The picture appears to show the police leading away a suspect. It could be that nothing is further from the truth. If you are convicted of one of the many offences that carries the death penalty in China then expect no mercy.
Welcome to the high tech ‘death van’. The number of executions is expected to rise to a staggering 10,000 people this year (not an impossible figure given that at least 68 crimes – including tax evasion and fraud – are punishable by death in China).
Developed by Jinguan Auto, which also makes bullet-proof limousines for the new rich in this vast country of 1.3 billion people, the vans appear unremarkable.
They cost £60,000, can reach top speeds of 80mph and look like a police vehicle on patrol. Inside, however, the ‘death vans’ look more like operating theatres.
Executions are monitored by video to ensure they comply with strict rules, making it possible to describe precisely how Jiang Yong will die. After being sedated at the local prison, he will be loaded into the van and strapped to an electric-powered stretcher.

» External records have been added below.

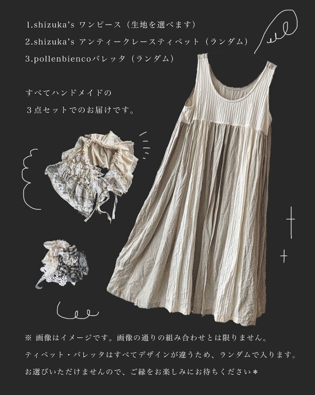 ワンピースの種類のみお選びいただけます。ティペットとバレッタは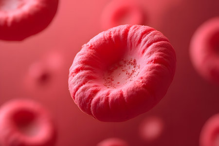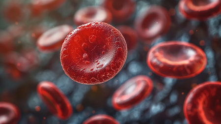 Stunning and depicting detailedion of red blood cells gracefully flowing through the bloodstream, showing their intricate structure and dynamic motion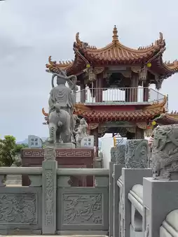 5-story-tall golden God of Wealth (at Wulu Cai Shen Temple) overlooks the water, appearing to "float" when reflected at sunset. It’s a prime spot for prosperity selfies! 💰📸

This then glides automatically towards the centre of the van, where doctors will administer three drugs: sodium thiopental to cause unconsciousness; pancuronium bromide to stop breathing and, finally, potassium chloride to stop the heart.
Death is reputed to be quick and painless – not that there is anyone to testify to this. The idea for such a ‘modern’ scheme is rooted in one of the darkest episodes in human history.
There is a simple message. Don’t commit serious crime in China.
I don’t know how this was kept quiet in the run up to the Olympic games last year.